Devices in "catch-up" mode
Documentation for the Wattwatchers API
V1.1.0 last updated 1 year ago on 2020/04/24
It's important to note that "Internet of Things" (IoT) applications are not like traditional computer systems in terms of data delivery. They are susceptable to communications outages and other issues that may delay the transmission of data from the device to the Wattwatchers infrastructure, and thus what is available via the API at any point in time.
Similarly, while we work very hard to ensure that our systems work flawlessly, 24/7, there are occasions where delays may be introduced within the Wattwatchers system, for example a short lag after a system maintenance window.
In such cases, data may delayed from being available from devices.
There are circumstances where a device may continue to collect data but be unable to transmit that data to the Wattwatchers system for a period.
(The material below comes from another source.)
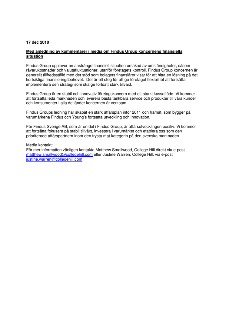 Med anledning av kommentarer i media om Findus Group koncernens finansiella situation

When the device re-establishes communications with our cloud infrastructure it will progressively send the data it has collected (i.e. it doesn't do this all at once).
When a device is in this "catch-up" mode, data will appear delayed in being available in other parts of the system, e.g. via the API.
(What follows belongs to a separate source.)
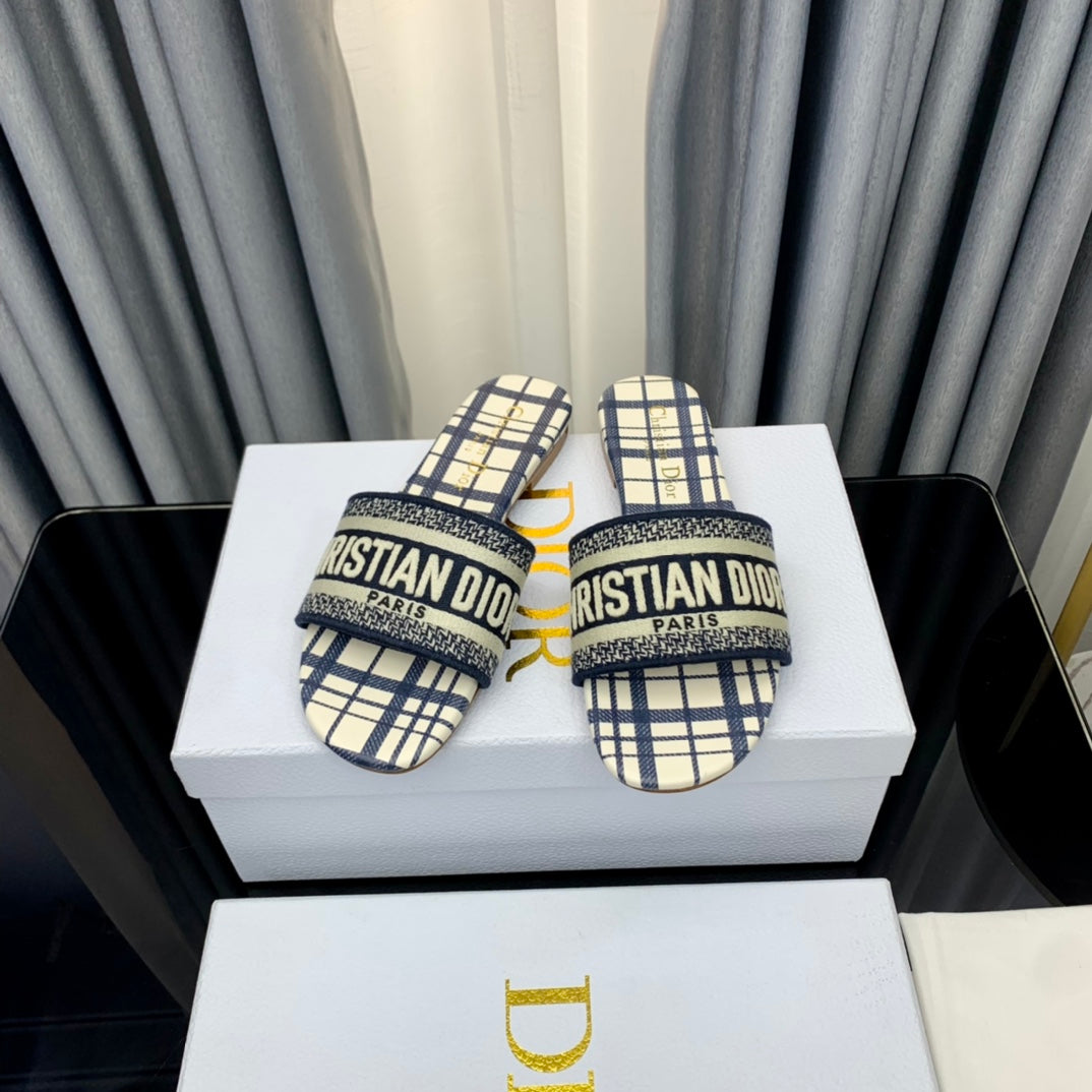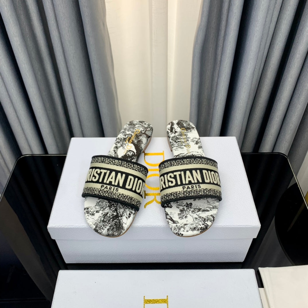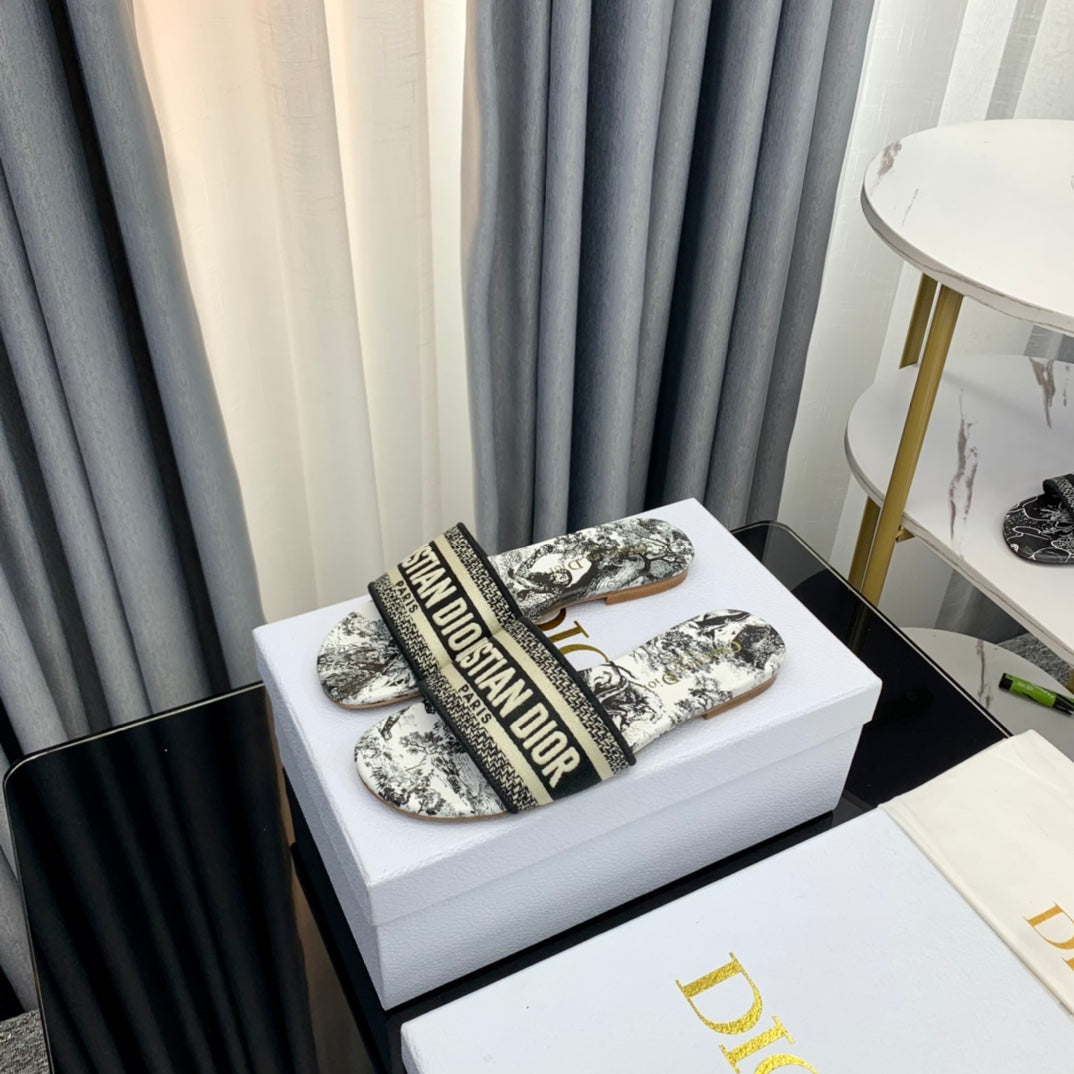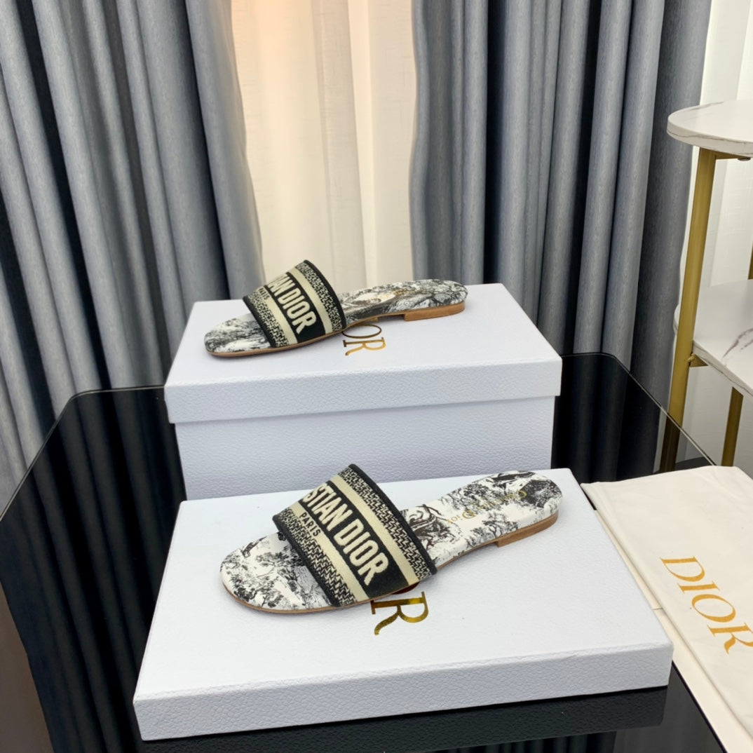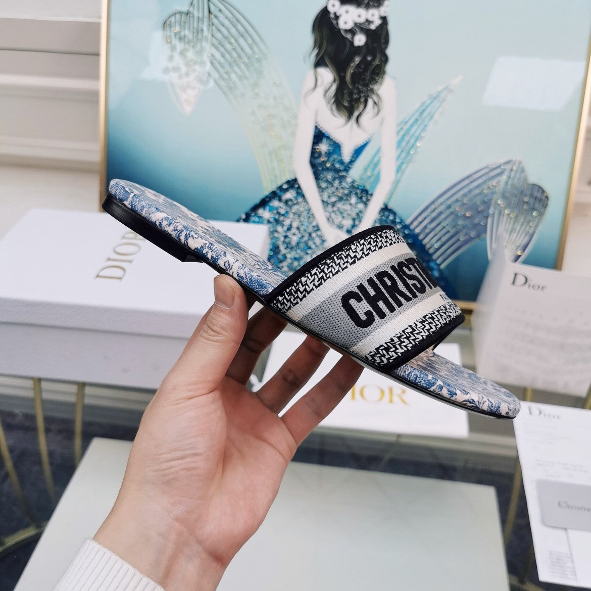 cd slingback flat embroidered cotton white calfskin resin pearl

How long does it take for a device to catch-up?
The amount of time a device takes to fully "catch up" and have all data available via the Wattwatchers system depends on a number of factors, including:
- The amount of time the device was offline, but collecting data (the data "backlog")
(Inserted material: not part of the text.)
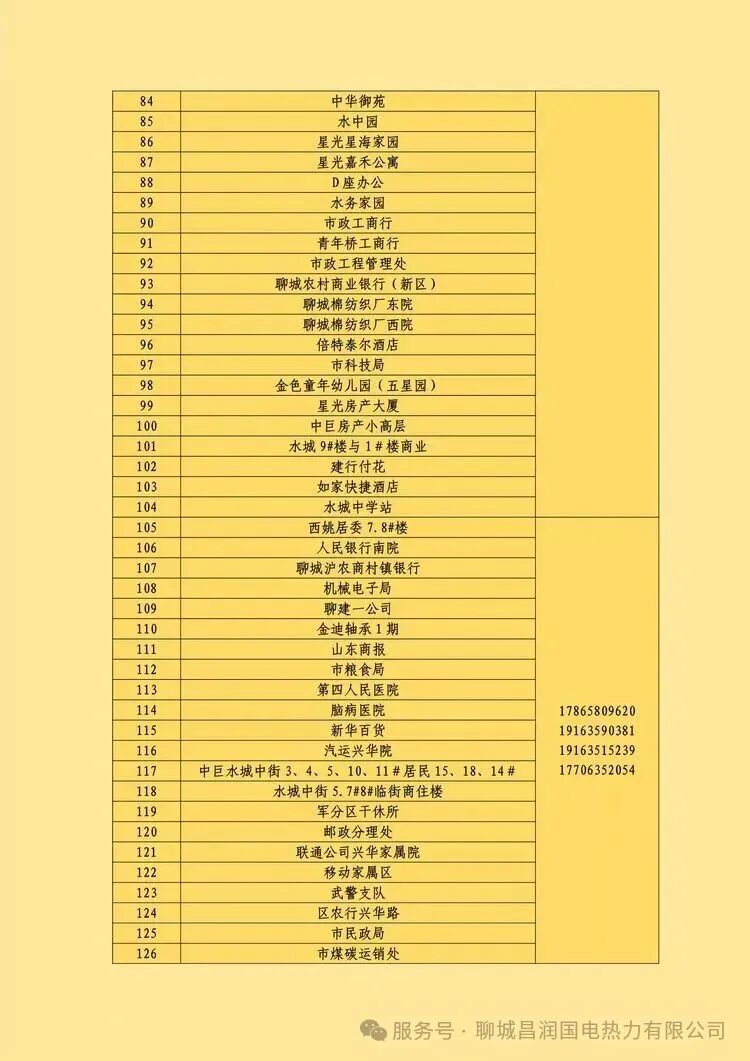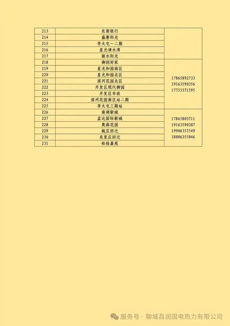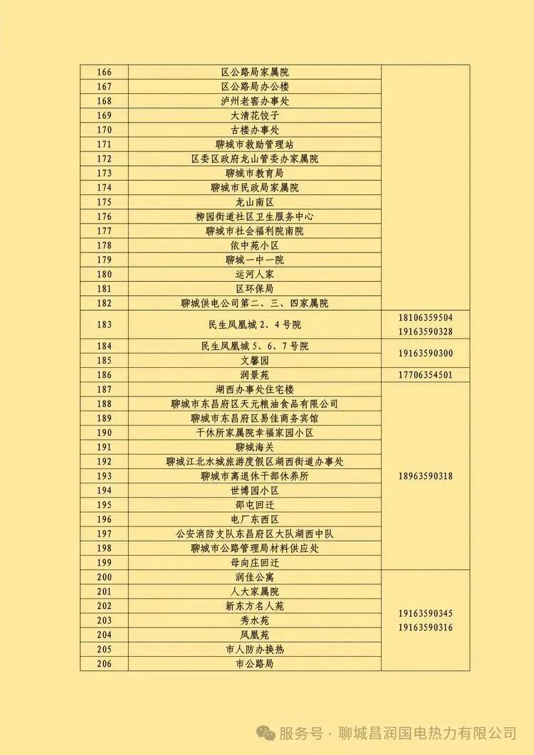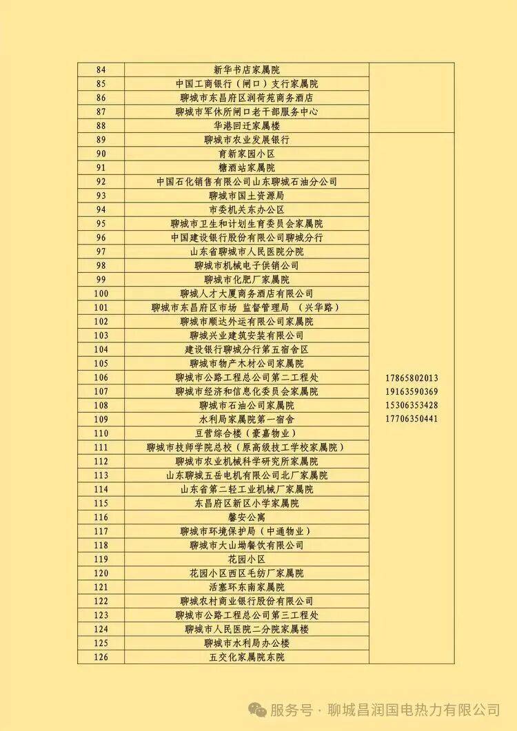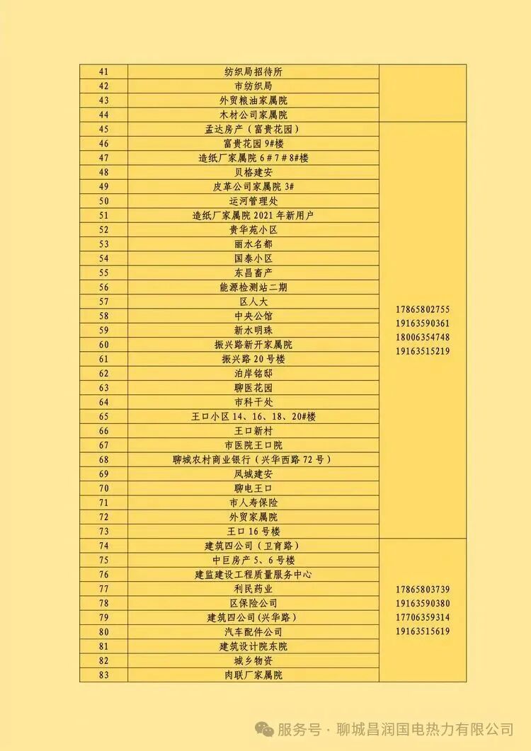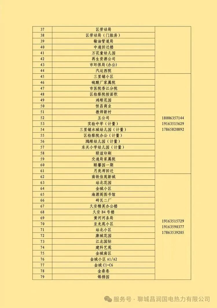 齐鲁晚报·齐鲁壹点 谢晓丽 22日,聊城昌润国电热力有限公司发布关于公布2025-2026年采暖季网格人员电话的通知,为切实做好2025-2026年采暖季供热服务工作,畅通用户供热诉求渠道,现将供热小区(单位)网格人员服务电话予以公布,广大热用户如有供热问题,均可拨打网格人员服务电话,将及时为您进行处理。 附件:2025-2026年采暖季小区(单位)网格人员电话

- The quality of the communications connection with Wattwatchers' infrastructure
- Other infrastructure performance impacts
If a device reconnects to our infrastructure with a solid connection, it will usually send data at a rate of 1 hour of data every minute.
Thus, if a device has been offline for a day, and collecting data for the entire day, it will usually catch up within approximately 24 minutes.
However, this is only a rule of thumb, and it may take significantly longer, depending on conditions and context.
Does the device send newer energy data before it catches up?
No. The Long Energy protocol is designed to ensure that energy data is uploaded to our servers FIFO (i.e. older entries are sent first) so you can count on the latest Long Energy entries being provided in chronological order.